# [置顶] Scikit Learn: 在python中机器学习

2729人阅读 评论(0)

Warning

## 载入示例数据

In [1]: from sklearn import datasets
In [2]: iris = datasets.load_iris()

In [3]: iris.data.shape
Out[3]: (150, 4)

In [5]: iris.target.shape
Out[5]: (150,)

In [6]: import numpy as np

In [7]: np.unique(iris.target)
Out[7]: array([0, 1, 2])

#### 一个改变数据集大小的示例：数码数据集(digits datasets)

In [8]: digits = datasets.load_digits()

In [9]: digits.images.shape
Out[9]: (1797, 8, 8)

In [10]: import pylab as pl

In [11]: pl.imshow(digits.images[0], cmap=pl.cm.gray_r)
Out[11]: <matplotlib.image.AxesImage at 0x3285b90>

In [13]: pl.show()

In [12]: data = digits.images.reshape((digits.images.shape[0], -1))

### 学习和预测

In [14]: from sklearn import svm

In [15]: clf = svm.LinearSVC()

In [16]: clf.fit(iris.data, iris.target) # learn from the data
Out[16]:
LinearSVC(C=1.0, class_weight=None, dual=True, fit_intercept=True,
intercept_scaling=1, loss='l2', multi_class='ovr', penalty='l2',
tol=0.0001, verbose=0)

In [17]: clf.predict([[ 5.0,  3.6,  1.3,  0.25]])
Out[17]: array([0], dtype=int32)

In [18]: clf.coef_
Out[18]:
array([[ 0.18424352,  0.45122644, -0.8079467 , -0.45071302],
[ 0.05190619, -0.89423619,  0.40519245, -0.93781587],
[-0.85087844, -0.98667529,  1.38088883,  1.86538111]])

## 分类

### K最近邻(KNN)分类器

k最近邻2分类器内部使用基于球树(ball tree)3来代表它训练的样本。

KNN分类示例

In [19]: # Create and fit a nearest-neighbor classifier

In [20]: from sklearn import neighbors

In [21]: knn = neighbors.KNeighborsClassifier()

In [22]: knn.fit(iris.data, iris.target)
Out[22]:
KNeighborsClassifier(algorithm='auto', leaf_size=30, n_neighbors=5, p=2,
warn_on_equidistant=True, weights='uniform')

In [23]: knn.predict([[0.1, 0.2, 0.3, 0.4]])
Out[23]: array([0])

#### 训练集和测试集

In [24]: perm = np.random.permutation(iris.target.size)

In [25]: iris.data = iris.data[perm]

In [26]: iris.target = iris.target[perm]

In [27]: knn.fit(iris.data[:100], iris.target[:100])
Out[27]:
KNeighborsClassifier(algorithm='auto', leaf_size=30, n_neighbors=5, p=2,
warn_on_equidistant=True, weights='uniform')

In [28]: knn.score(iris.data[100:], iris.target[100:])
/usr/lib/python2.7/site-packages/sklearn/neighbors/classification.py:129: NeighborsWarning: kneighbors: neighbor k+1 and neighbor k have the same distance: results will be dependent on data order.
neigh_dist, neigh_ind = self.kneighbors(X)
Out[28]: 0.95999999999999996

Bonus的问题：为什么我们使用随机的排列？

### 分类支持向量机(SVMs)

#### 线性支持向量机

SVMs4尝试构建一个两个类别的最大间隔超平面。
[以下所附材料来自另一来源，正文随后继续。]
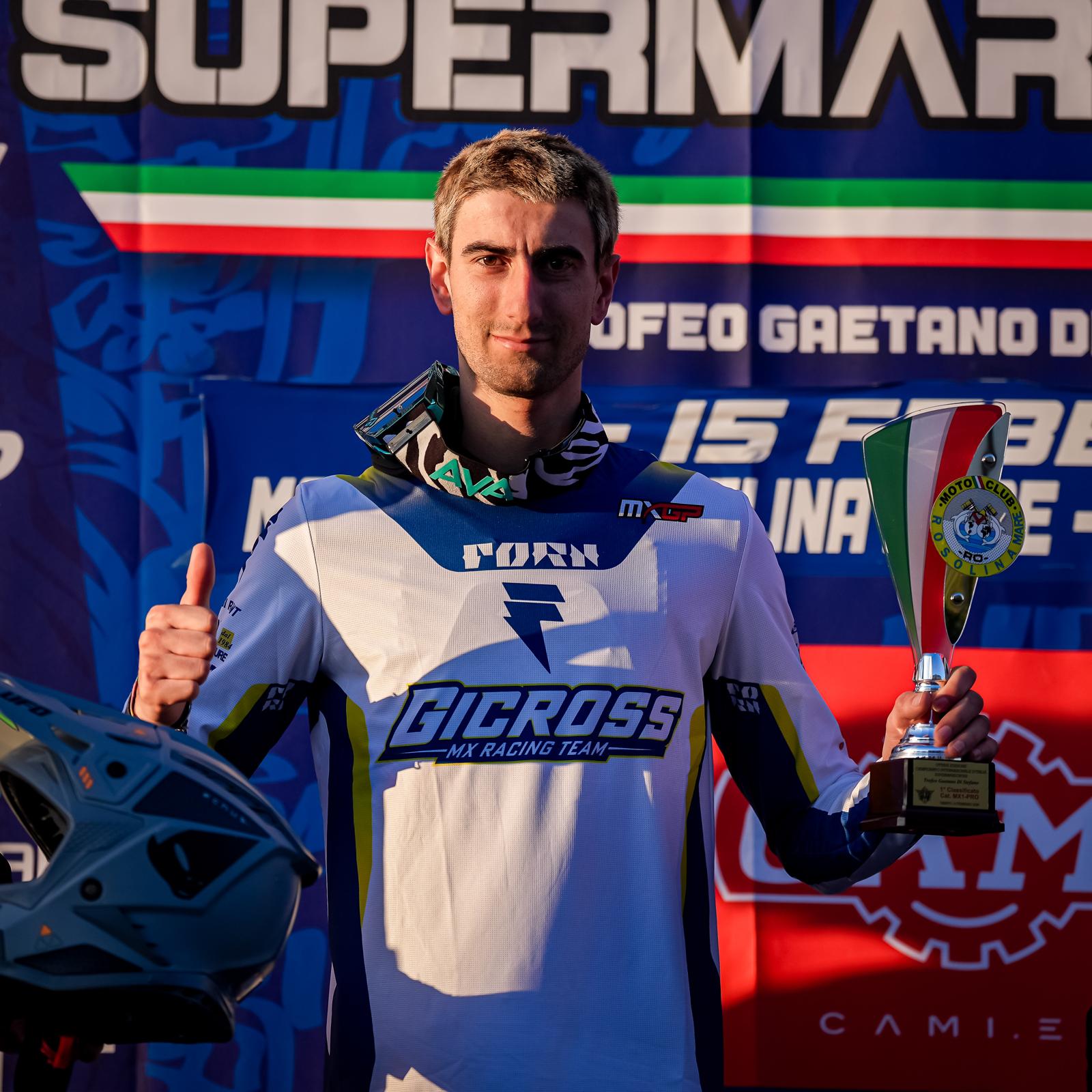 DIEGO PEDERIVA (responsabile tecnico GICROSS): “Sicuramente un inizio di Supermarecross che è andato oltre le nostre più rosee aspettative. Andiamo verso Maccarese con due tabelle rosse, due secondi in classifica ed un quarto. Pensavamo di poter far bene sia con Matteo che è uno specialista di questi terreni ed anche con Alfio. Entrambi hanno mostrato tutto il loro potenziale e le altrettante tabelle rosse lo dimostrano. Le sorprese sono venute da Ivan che ha addirittura vinto la giornata del sabato e da Tommaso che è anche lui secondo nella sua categoria. Non pensavamo che potessero competere a questi livelli sin da subito. Belle anche le prove di Andrea e Simone che sono ad un passo dalla zona podio e siamo certi che si giocheranno le loro carte nelle prossime tappe. Per Giuseppe è stata una bella esperienza che ha affrontato con una grinta incredibile. Adesso ci prepariamo per le gare di Maccarese con tanto entusiasmo ma dovremo tenere i piedi per terra per continuare a tenere vive le speranze di grandi risultati. Un grazie a tutti i ragazzi del team ed a tutti gli sponsor che ci aiutano in questa stagione. Ci vediamo a Maccarese!”.
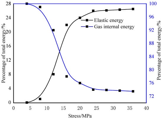 The relationship between geo-stress, gas energy, and elastic energy ratio.
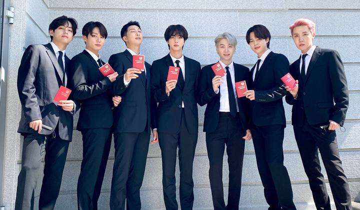 BTS pun menjadi grup K-Pop pertama yang mendapatkan paspor diplomatik berartikan akan menghadiri acara mewakili Korea Selatan. BTS tampak hadir di Blue House dengan setelan resmi untuk menerima paspor diplomatik mereka tersebut.
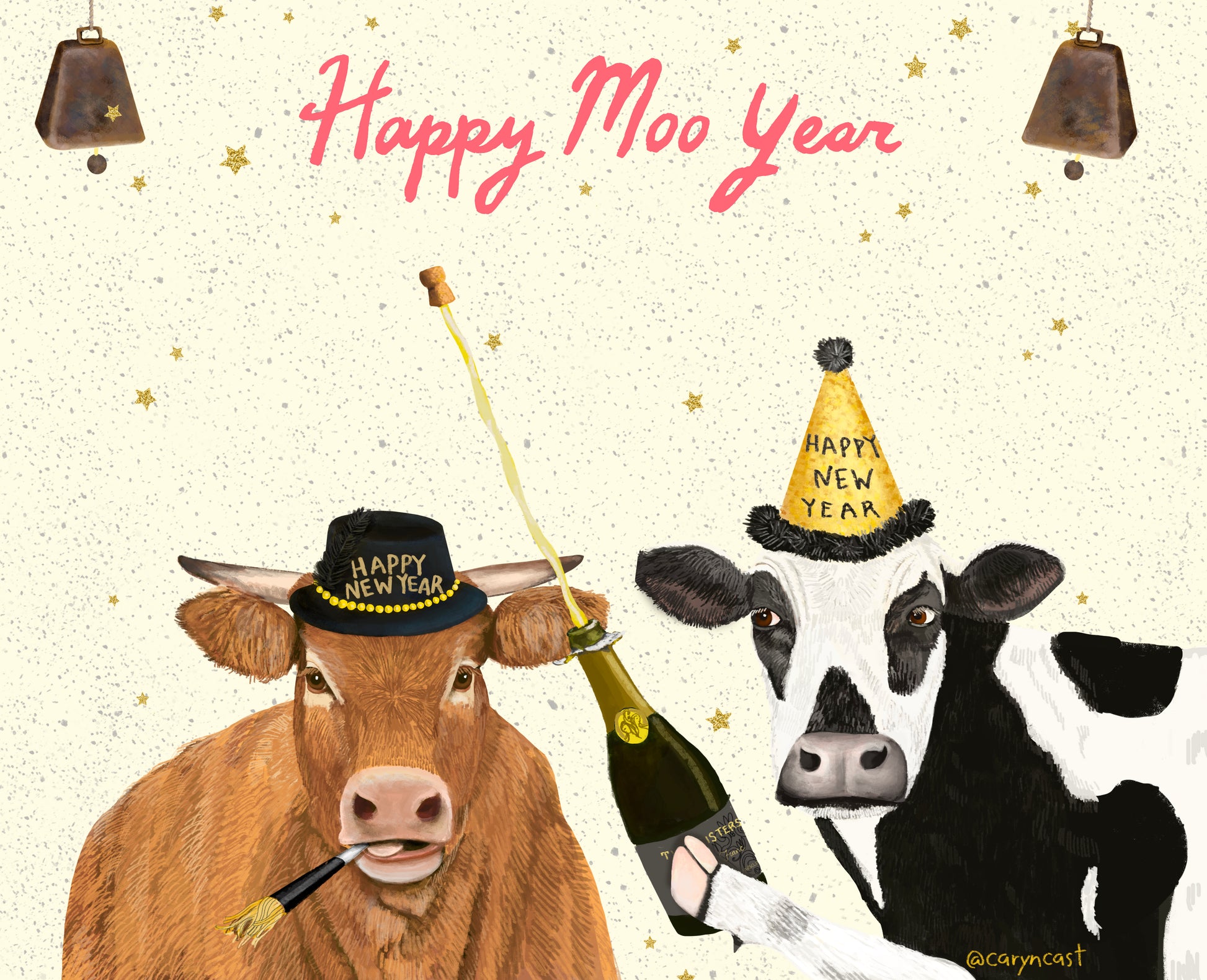 Happy Moo Year postcard is carefully wrapped and shipped in recycled materials.
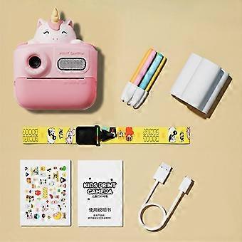 Direct Print Camera for Children, 4800W Hd Portable Slr Pink Unicorn (No Card)
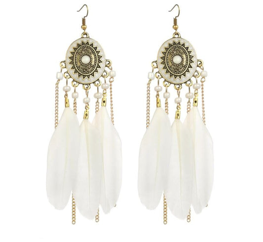 Women Girl Teen Bohemian Feather Tassel American Indian Earrings

它选择输入的子集，调用支持向量即离分离的超平面最近的样本点。

In [60]: from sklearn import svm

In [61]: svc = svm.SVC(kernel='linear')

In [62]: svc.fit(iris.data, iris.target)
Out[62]:
SVC(C=1.0, cache_size=200, class_weight=None, coef0=0.0, degree=3, gamma=0.0,
kernel='linear', probability=False, shrinking=True, tol=0.001,
verbose=False)

scikit-learn中有好几种支持向量机实现。最普遍使用的是svm.SVC，svm.NuSVC和svm.LinearSVC;“SVC”代表支持向量分类器(Support Vector Classifier)(也存在回归SVMs，在scikit-learn中叫作“SVR”)。

#### 使用核

• 线性核

svc = svm.SVC(kernel=’linear’)

• 多项式核

svc = svm.SVC(kernel=’poly’, … degree=3) # degree: polynomial degree

• RBF核(径向基函数)5

svc = svm.SVC(kernel=’rbf’) # gamma: inverse of size of # radial kernel

## 聚类：将观测值聚合

### k均值聚类

(一个替代的k均值算法实现在scipy中的cluster包中。这个scikit-learn实现与之不同，通过提供对象API和几个额外的特性，包括智能初始化。)
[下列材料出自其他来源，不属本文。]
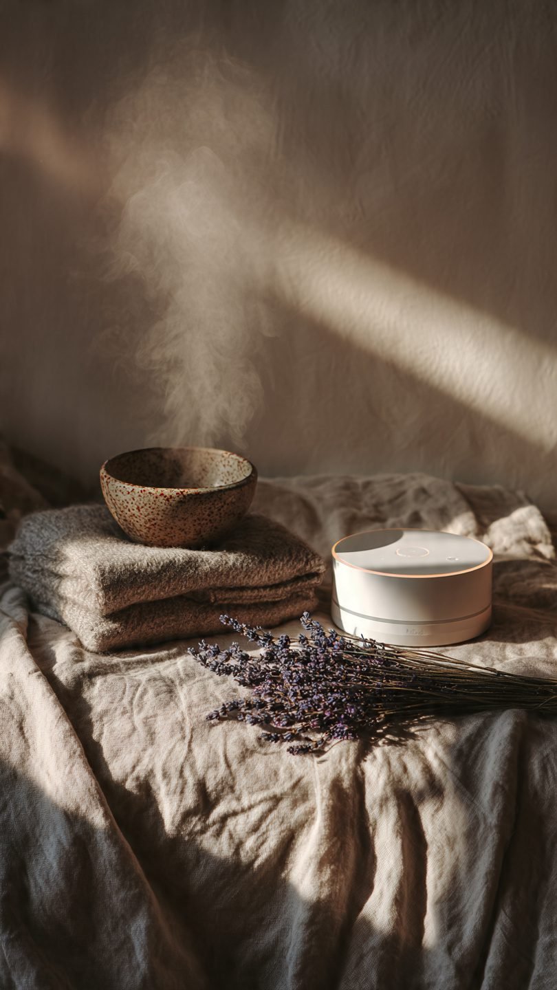 Sensory cozy kit for small bedrooms: essential oil diffuser, white noise machine, and heated throw to engage scent, sound, and touch.
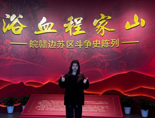 寒假期间,我作为一名学生党员,前往景德镇浮梁县兴田乡程家山村开展了为期一天的“四个一百”红色研学实践教育活动。在这片曾经硝烟弥漫的皖赣边苏区核心区域,我通过参观程家山革命烈士陵园、皖赣边苏区程家山历史展厅、中共皖赣分区委旧址等革命遗址,聆听讲解员讲述革命先辈的英勇事迹,深入了解了第二次土地革命时期以程家山为中心的皖赣边苏区波澜壮阔的革命历史与发展变迁。此次研学让我在沉浸式体验中触摸红色历史、感悟红色精神,不仅清晰认识到程家山村作为皖赣边苏区核心阵地的重要历史地位,更看到红色基因在新时代老区发展中的传承与践行。这段经历让我深刻体会到新时代青年传承红色血脉、勇担时代使命的重要意义,更坚定了我以实际行动践行红色精神、为民族复兴贡献力量的决心。

In [82]: from sklearn import cluster, datasets

In [84]: k_means = cluster.KMeans(k=3)

In [85]: k_means.fit(iris.data)
Out[85]:
KMeans(copy_x=True, init='k-means++', k=3, max_iter=300, n_init=10, n_jobs=1,
precompute_distances=True,
random_state=<mtrand.RandomState object at 0x7f4d860642d0>, tol=0.0001,
verbose=0)

In [86]: print k_means.labels_[::10]
[1 1 1 1 1 2 2 2 2 2 0 0 0 0 0]

In [87]: print iris.target[::10]
[0 0 0 0 0 1 1 1 1 1 2 2 2 2 2]

#### 应用到图像压缩

In [95]: from scipy import misc

In [96]: lena = misc.lena().astype(np.float32)

In [97]: X = lena.reshape((-1, 1)) # We need an (n_sample, n_feature) array

In [98]: k_means = cluster.KMeans(5)

In [99]: k_means.fit(X)
Out[99]:
KMeans(copy_x=True, init='k-means++', k=5, max_iter=300, n_init=10, n_jobs=1,
precompute_distances=True,
random_state=<mtrand.RandomState object at 0x7f4d860642d0>, tol=0.0001,
verbose=0)

In [100]: values = k_means.cluster_centers_.squeeze()

In [101]: labels = k_means.labels_

In [102]: lena_compressed = np.choose(labels, values)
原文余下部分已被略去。